My recipe for heat treatment is essentially what Wayne Goddard recommends for a simple steel. I work in batches of anywhere from 4 to a dozen. I'll give my recipe here:
First, you want to normalize it. I do this twice. (This is a matter of heating it slowly and evenly until it won't stick to a magnet, then taking it just a tiny bit further. Some people will melt salt on the blade surface, but I haven't tried that. Then air cool it. I just hold it in the tongs and let it cool until all the glow is gone with my shop lights turned off. It will still be hot enough to burn you, but I go back into the fire and repeat, then lay it on a soft fire brick to cool to room temperature. The goal of normalizing is essentially stress relief. It reduces likelihood of warping in the quench.
Before I harden any blades, I heat my oil. I use a goop quench made of canola oil, bacon fat, and candle wax. It is a soft solid at room temperature (like Crisco), but I heat it up until it is nice and liquid. This is about 130 degrees. I just use a railroad spike, heat it up in the forge and put it in the goop until cool. Repeat a total of three times (you need to check your own quench container, don't take this as gospel - it is only true of my setup).
Then the sexy part! Hardening! Slowly and carefully heat the blade up to nonmagnetic. I like to have low light so I can see the color in the steel. I always check with a magnet.

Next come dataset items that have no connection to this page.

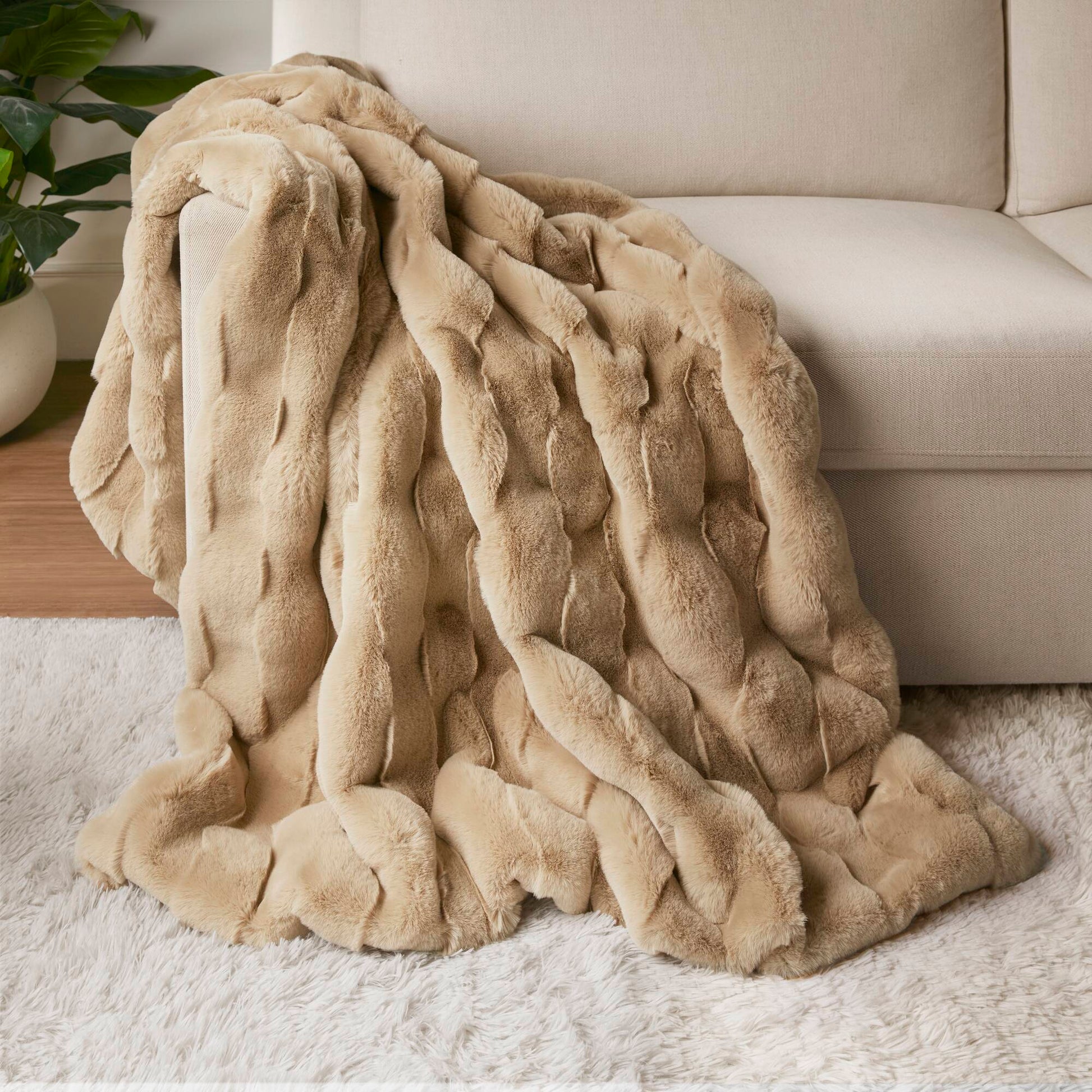 This faux fur throw combines the best of luxury and warmth for your living room, while the neutral color options add a touch of elegance and sophistication to any decor style.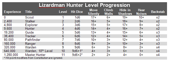 Lizardmen Hunters may Move Silently, Climb Walls, Hide in Shadows, Hear Noise and Backstab like a Thief, as shown in the table below. The bonus for their Hunter's Senses is already factored in the throws given in the table.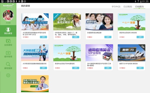 4.移动课堂—与koolearn网课程同步:所有网站上的课程详情介绍,您学习情况,以及您课程表中的每一个知识点均可在移动课堂中查看。(目前仅支持视频,逐步开放其他类型知识点)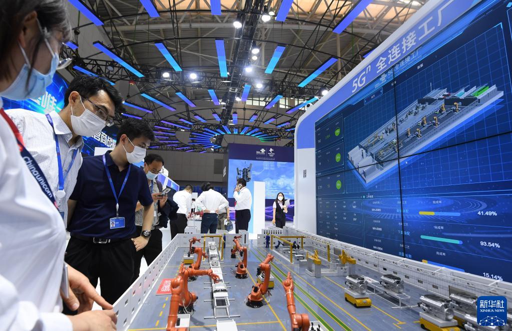 5月20日,在天津梅江会展中心举行的第五届世界智能大会上,参观者观看“全连接工厂”演示模型。新华社记者 赵子硕 摄

I know some people claim they can tell just by looking, but I'm not able to get the consistent results I want that way. Once it is not magnetic, I keep it moving through the fire until I'm certain the color is the same through the whole blade. This is easy to see by eye. But be really careful about the tip. It is super easy to get it a lot hotter than the rest of the blade. This is a matter of practice, I find. Get to know your own forge for best results.

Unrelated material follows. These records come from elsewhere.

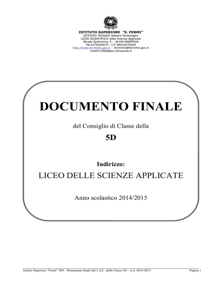 DOCUMENTO FINALE del Consiglio di Classe della 5D Indirizzo: LICEO DELLE SCIENZE APPLICATE Anno scolastico 2014/2015 ___________________________________________________________________________________________________________ Istituto Superiore “Fermi” MN - Documento finale del C.d.C. della Classe 5D - A.S. 2014-2015 Pagina 1 INDICE 1. Prospetto delle discipline con le corrispondenti unità orarie relativo a tutto il triennio ......................3 2. Prospetto del Consiglio di Classe con docente, materia, numero di ore e continuità ..........................4 3. Finalità ed obiettivi generali del Consiglio di Classe ..........................................................................8 4. Situazione della classe .........................................................................................................................5 5. Argomenti interdisciplinari o pluridiscipinari .......................... Errore. Il segnalibro non è definito. 6. Attività integrative ...............................................................................................................................8 7. Attività svolte in modalità CLIL .........................................................................................................9 8. Criteri di selezione dei contenuti disciplinari, metodi e strumenti ......................................................9 9. Criteri per la valutazione e la misurazione del profitto .....................................................................11 10. Criteri per la valutazione e la misurazione della condotta .................................................................12 11. Simulazioni prove Esame di Stato ............................................ Errore. Il segnalibro non è definito. 12. Metodi e strumenti per il recupero ed il potenziamento ....................................................................14 13. Esperienze di ricerca, progetto o approfondimento personale degli alunni (tesine) ..........................15 ALLEGATO 1: Relazioni individuali dei docenti e programmi svolti ......................................................17 ALLEGATO 2: Testi delle simulazioni di terza prova scritta per l’Esame di Stato ..................................36 ALLEGATO 3: Criteri per l’assegnazione dei crediti scolastico e formativo ...........................................41 ___________________________________________________________________________________________________________ Istituto Superiore “Fermi” MN - Documento finale del C.d.C. della Classe 5D - A.S. 2014-2015 Pagina 2 1. Prospetto delle discipline con le corrispondenti unità orarie relativo a tutto il triennio Ore settimanali per anno di corso Discipline del piano di studi 3° 4° 5° Lingua e Letteratura italiana 4 4 4 Storia 2 2 2 Lingua e cultura straniera 3 3 3 Filosofia 2 2 2 Matematica 4 4 4 Fisica 3 3 3 Informatica 2 2 2 Scienze Naturali 5 5 5 Disegno e Storia dell’Arte 2 2 2 Scienze Motorie e Sportive 2 Religione Cattolica 1 1 1 30 30 30 Totale ore settimanali 2 2 ___________________________________________________________________________________________________________ Istituto Superiore “Fermi” MN - Documento finale del C.d.C. della Classe 5D - A.S. 2014-2015 Pagina 3 2. Prospetto del Consiglio di Classe con docente, materia, numero di ore e continuità DOCENTE Fiozzi Daria Fiozzi Daria DISCIPLINA Lingua e Letteratura Italiana Storia MEMBRO ORE/SETT INTERNO CLASSE ESAME DI 5A STATO CONTINUITÀ DALLA CLASSE 3A CONTINUITÀ DALLA CLASSE 4A SI SI 4 SI SI SI 2 SI Ranucci Federica Lingua e Cultura Straniera: Inglese SI SI 3 Facchini Teresa Filosofia NO SI 2 Matematica SI SI 4 Fisica SI SI 3 SI Zappi Cristiana Scienze Naturali NO SI 5 SI Cattafesta Franco Informatica SI SI 2 Tuzza Susanna Disegno e Storia dell’Arte NO NO 2 SI SI 2 SI SI 1 Bottura Donata (Geremia Sara dal 01/10/14 al 26/10/14) (Damian Erika dal 26/03/15 alla fine dell’A.S.) Pagliari Andrea Agostino Elisabetta Spazzini Nicola Scienze Motorie Religione Cattolica ___________________________________________________________________________________________________________ Istituto Superiore “Fermi” MN - Documento finale del C.d.C. della Classe 5D - A.S. 2014-2015 Pagina 4 3. Finalità ed obiettivi generali del Consiglio di Classe Gli obiettivi formativi adottati dal Consiglio di Classe nella prima riunione, e poi monitorati nel corso di tutto l’anno scolastico sono stati: 1. Migliorare coerenza, trasparenza ed equità nelle valutazioni 2. conseguire capacità di sintesi nella elaborazione e dimostrare sicurezza nell’analisi e nella problematizzazione personale 3. dimostrare autonomia nella scelta degli approfondimenti individuali da proporre con esposizioni convincenti sul piano logico 4. perfezionare l’uso dei linguaggi specifici per esprimere la complessità ___________________________________________________________________________________________________________ Istituto Superiore “Fermi” MN - Documento finale del C.d.C. della Classe 5D - A.S. 2014-2015 Pagina 5 4. Situazione della classe La classe 5D proviene da un percorso piuttosto regolare durante tutto il quinquennio. Durante gli ultimi tre anni gli studenti, non numerosi e sempre piuttosto positivi, hanno risposto con generale disponibilità e regolarità al lavoro proposto dai docenti. Grazie anche alla continuità di buona parte della componente docente del consiglio di classe e alla indubbia coesione degli allievi, la classe nel complesso ha saputo organizzare le proprie attività in modo sicuro e piuttosto proficuo. Pochi, se non rari, sono stati i debiti assegnati sin dalla classe terza, e soprattutto a carico della sola disciplina di matematica. Il clima relazionale, motivazionale e collaborativo sia tra gli allievi, sia nel rapporto con gli insegnanti appaiono buoni (l’assenza di note disciplinari ne è un chiaro segno). Alcuni ragazzi inoltre hanno mostrato nel corso degli anni interessi pe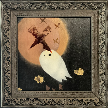 Synthetic polymer, pigment, acrylic & enamel spray paint on stabilized cardboard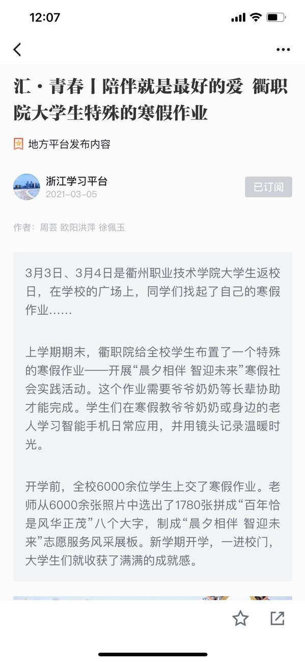 上学期期末,衢职院给全校学生布置了一个特殊的寒假作业——开展“晨夕相伴 智迎未来”寒假社会实践活动。这个作业需要爷爷奶奶等长辈协助才能完成。学生们在寒假教爷爷奶奶或身边的老人学习智能手机日常应用,并用镜头记录温暖时光。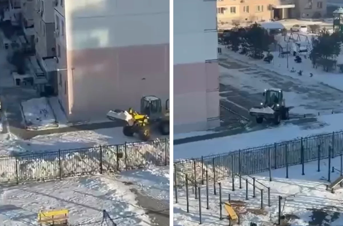 Соцсети: снегоуборщик заблокировал людям выход из двора в Хабаровске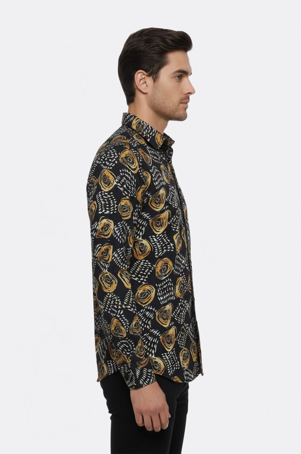 قميص رجالي أسود بقصة ضيقة وأكمام طويلة منقوشة بالزهور - ويسي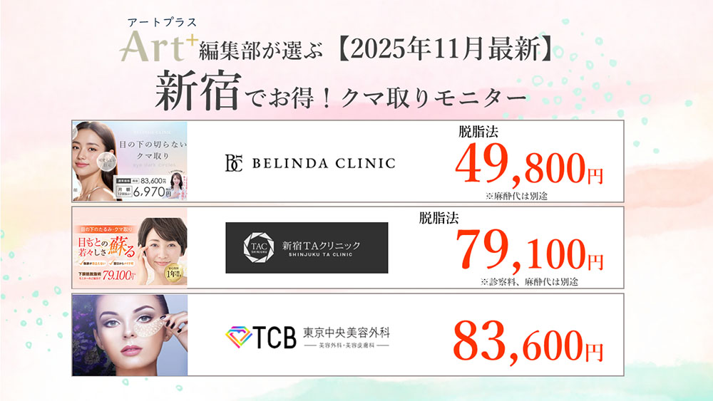 クリニックごとにクマ取りの名医や費用をまとめしました。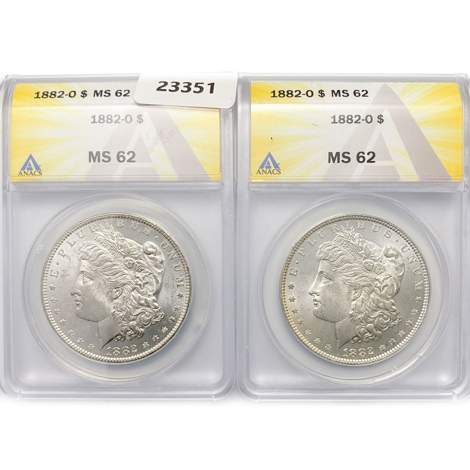 1882-O Set (2) Morgan Silver Dollar ANACS MS62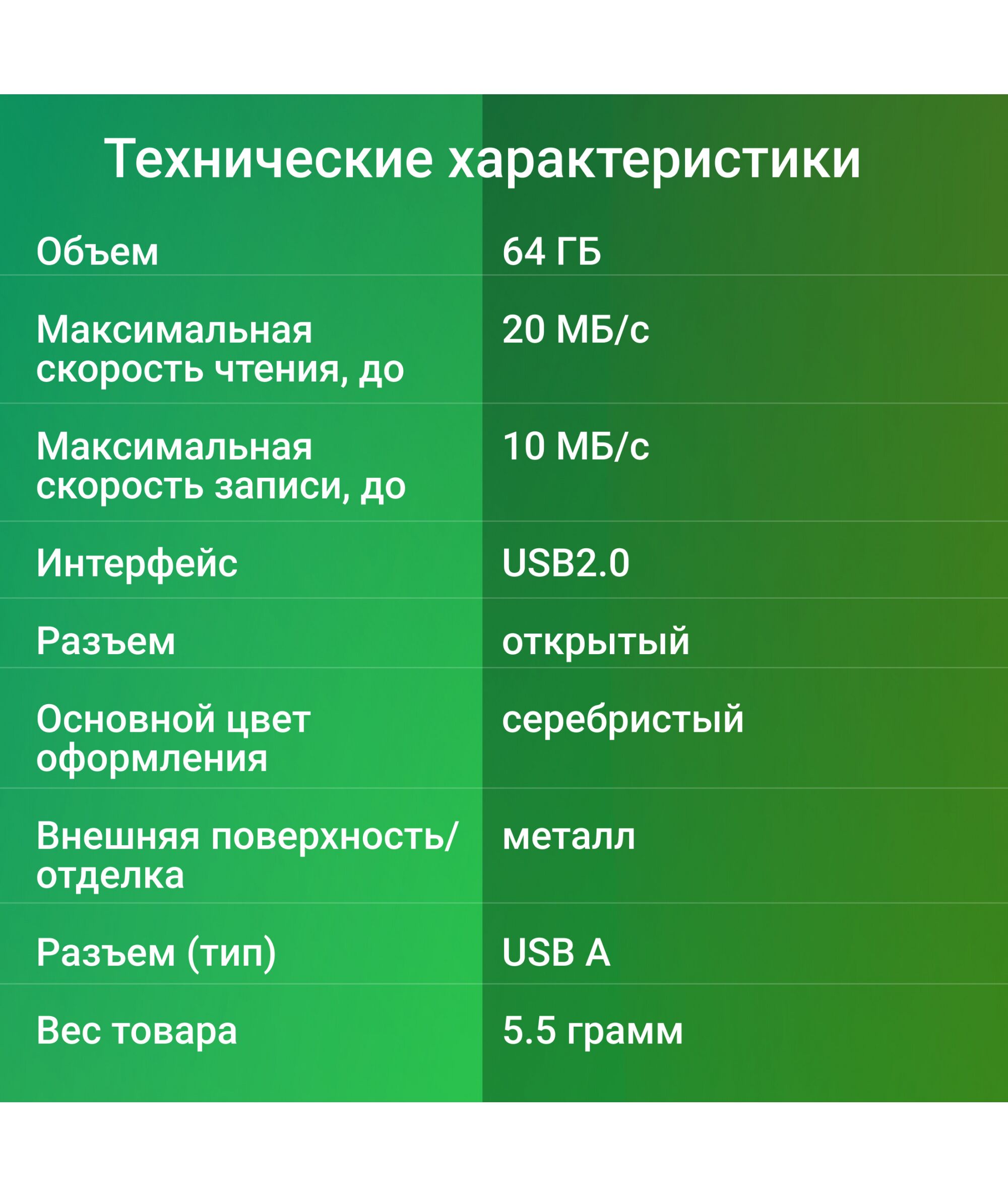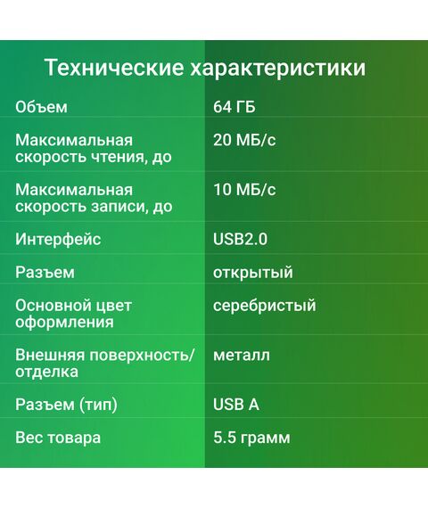 | Объем | 64 ГБ |

Now, you have about one second to get that steel under 400 degrees. Get it in the oil. I quench edge down, personally. I like to keep the spine of the blade up out of the oil so it doesn't get hard with the edge. Once the glow is gone from the spine, I put the whole blade in the oil and let it cool for a few seconds (about 20-30 seconds for a smaller blade, up to a minute for larger blades).
Pull it out and wipe the oil off with a shop rag. A good hardening will also normally have a lot of grey steel surface where the quench scale is popped off. Underheating it will leave the whole surface black. Again, as before, this is in my quenchant in my shop. I have a sword quench tank and the oil (mix of corn oil and canola oil) doesn't pop off the scale as reliably, so don't take it as gospel. Also, an overheated blade will still pop the scale, so it is an indication that I got the temperature *at least* hot enough.
Do the rest of your blades to this point.
Now, with shop rags, work to get as much of the oil off as you can. Really wipe them down. You don't want burned oil stinking up your kitchen when you temper. I used to wash them with Dawn detergent, but don't find a real improvement from that, so I quit doing it.
I wrap my hardened steel blades in aluminum foil, loosely, then place them on a cookie sheet. The idea is that it evens the heat out as it reaches the blades. This could be wasted effort, but I don't believe it hurts.
Into the oven and temper for an hour. Then air cool and bake for another hour.
For 1095, I do 400 degrees for knives, 500 for swords. For the spring steel I enjoy forging, I use 375 for the knives. Known 5160 gets 475 for big choppers.
This is, as I said, my method in my shop. I like the results for my blades. Your shop will be different, so only treat this as a suggested starting point, not a gospel.
-Patrick
Check the edge hardness with an old chainsaw file. It will knock off some scale, but should not be able to bite into the steel itself.